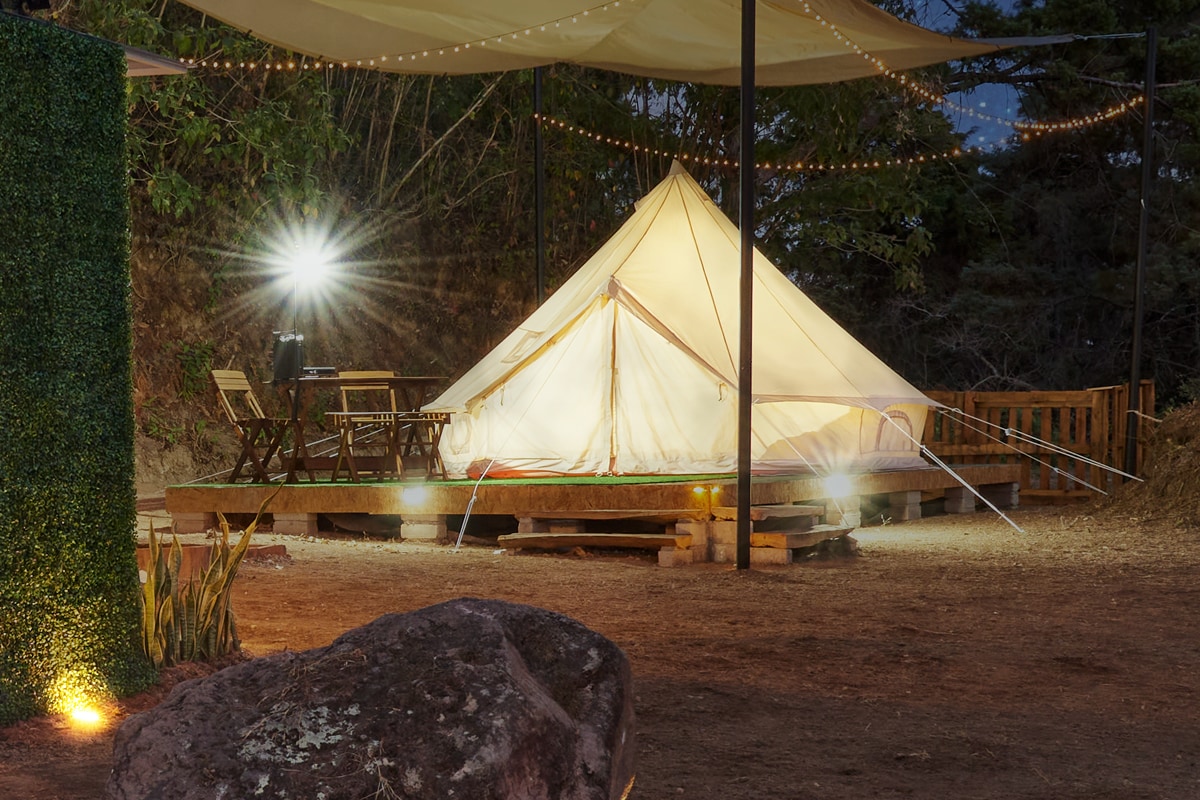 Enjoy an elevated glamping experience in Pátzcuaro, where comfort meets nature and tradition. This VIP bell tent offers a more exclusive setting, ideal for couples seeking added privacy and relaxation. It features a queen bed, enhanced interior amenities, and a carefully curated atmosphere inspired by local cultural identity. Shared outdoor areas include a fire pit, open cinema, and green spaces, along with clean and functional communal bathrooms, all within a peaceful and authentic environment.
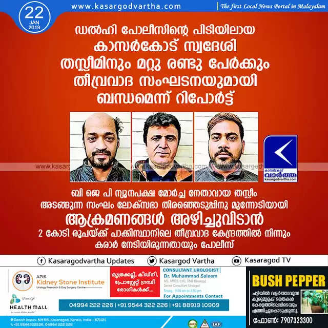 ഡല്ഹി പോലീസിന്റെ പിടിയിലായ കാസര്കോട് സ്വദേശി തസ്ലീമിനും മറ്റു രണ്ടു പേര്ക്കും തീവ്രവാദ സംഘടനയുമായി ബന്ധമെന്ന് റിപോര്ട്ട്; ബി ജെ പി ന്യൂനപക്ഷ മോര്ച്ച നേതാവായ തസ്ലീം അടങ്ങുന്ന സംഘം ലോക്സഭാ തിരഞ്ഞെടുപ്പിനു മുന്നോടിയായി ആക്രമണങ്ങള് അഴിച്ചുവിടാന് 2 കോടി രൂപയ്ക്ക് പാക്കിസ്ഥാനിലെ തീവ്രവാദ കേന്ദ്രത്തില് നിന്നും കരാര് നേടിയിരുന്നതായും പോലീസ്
...
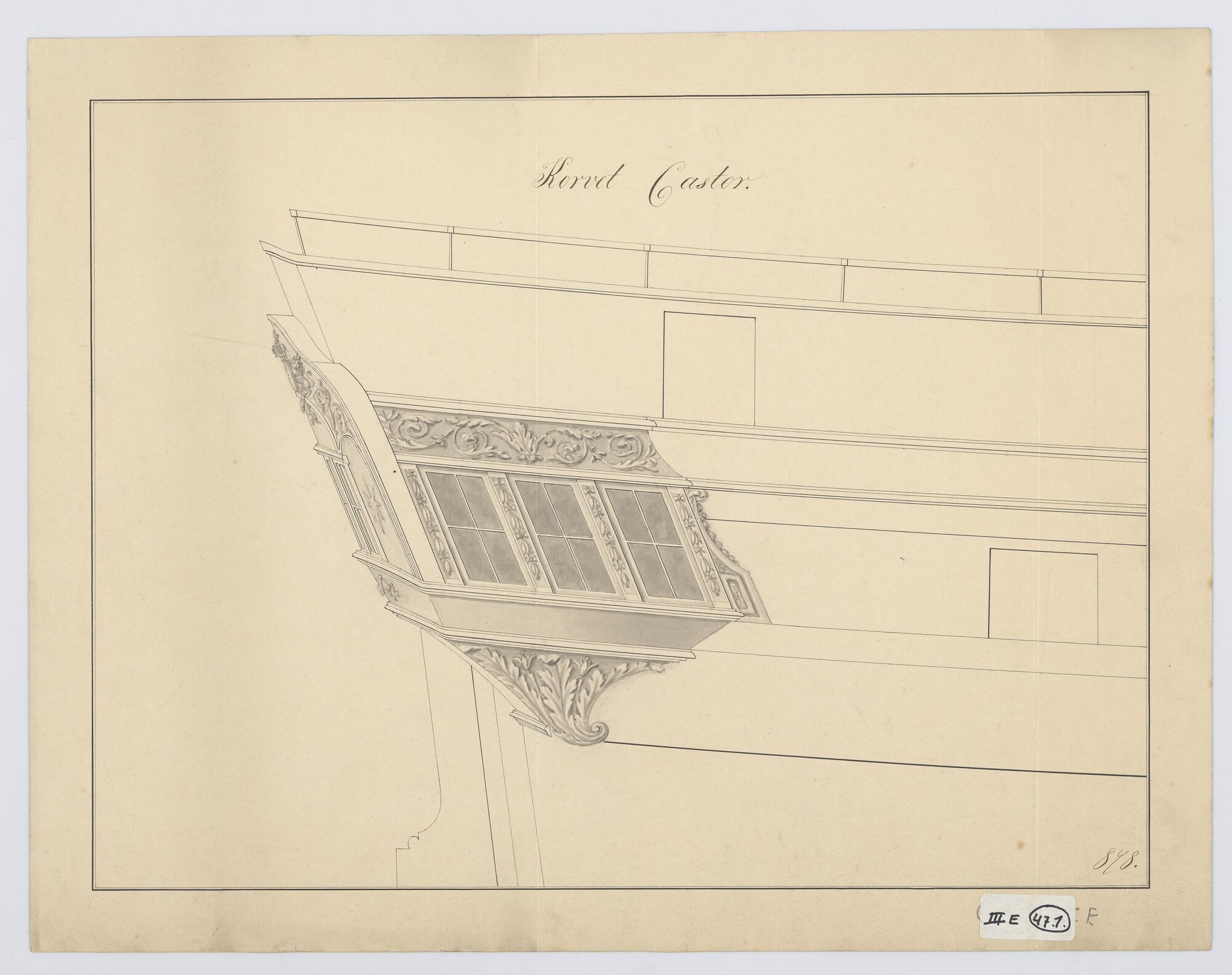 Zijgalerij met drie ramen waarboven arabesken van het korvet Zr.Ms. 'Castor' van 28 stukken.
--
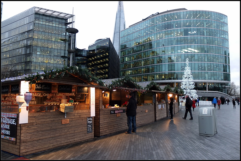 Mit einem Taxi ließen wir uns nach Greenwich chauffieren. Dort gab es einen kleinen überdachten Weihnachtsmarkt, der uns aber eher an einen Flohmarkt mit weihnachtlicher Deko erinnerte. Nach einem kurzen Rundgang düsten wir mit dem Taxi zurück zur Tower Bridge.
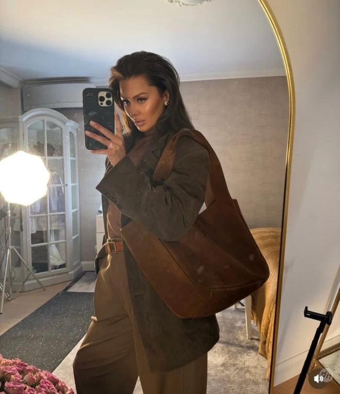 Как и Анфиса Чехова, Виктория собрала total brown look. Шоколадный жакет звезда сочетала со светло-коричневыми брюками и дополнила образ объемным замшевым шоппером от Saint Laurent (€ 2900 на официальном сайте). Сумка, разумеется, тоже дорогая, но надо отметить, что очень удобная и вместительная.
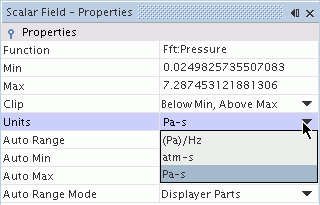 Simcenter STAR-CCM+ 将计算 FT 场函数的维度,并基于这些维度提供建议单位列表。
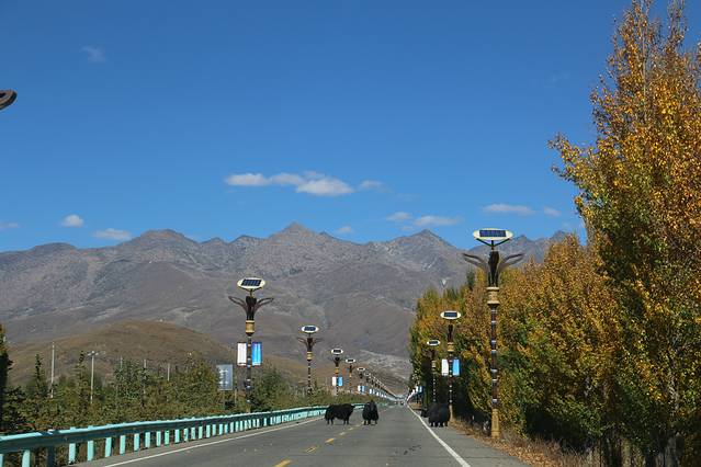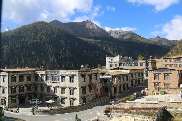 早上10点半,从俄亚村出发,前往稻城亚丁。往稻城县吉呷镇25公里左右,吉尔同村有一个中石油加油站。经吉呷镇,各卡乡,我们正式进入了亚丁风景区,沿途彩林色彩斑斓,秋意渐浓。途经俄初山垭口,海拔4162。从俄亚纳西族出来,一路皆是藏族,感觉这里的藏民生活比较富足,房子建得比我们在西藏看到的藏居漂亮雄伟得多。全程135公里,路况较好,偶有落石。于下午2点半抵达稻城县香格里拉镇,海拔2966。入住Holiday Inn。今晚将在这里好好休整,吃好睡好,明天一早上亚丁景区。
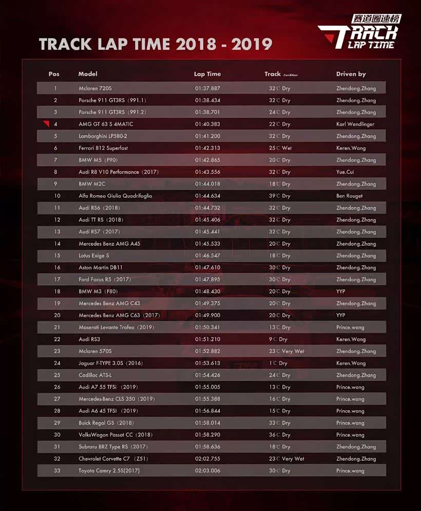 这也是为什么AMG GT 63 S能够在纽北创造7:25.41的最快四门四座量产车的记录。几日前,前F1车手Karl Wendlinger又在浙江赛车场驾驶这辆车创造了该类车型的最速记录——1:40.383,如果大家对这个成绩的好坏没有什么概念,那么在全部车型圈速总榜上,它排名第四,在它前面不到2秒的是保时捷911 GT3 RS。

*TASK DIRECTIONS*: Starting with the line that has "Mit einem Taxi" and going on through the line that has "Simcenter STAR-CCM+ 将计算", transcribe the records above exactly, but skip the pictures.

*EXERCISE SOLUTION*:
 Mit einem Taxi ließen wir uns nach Greenwich chauffieren. Dort gab es einen kleinen überdachten Weihnachtsmarkt, der uns aber eher an einen Flohmarkt mit weihnachtlicher Deko erinnerte. Nach einem kurzen Rundgang düsten wir mit dem Taxi zurück zur Tower Bridge.
 Как и Анфиса Чехова, Виктория собрала total brown look. Шоколадный жакет звезда сочетала со светло-коричневыми брюками и дополнила образ объемным замшевым шоппером от Saint Laurent (€ 2900 на официальном сайте). Сумка, разумеется, тоже дорогая, но надо отметить, что очень удобная и вместительная.
 Simcenter STAR-CCM+ 将计算 FT 场函数的维度,并基于这些维度提供建议单位列表。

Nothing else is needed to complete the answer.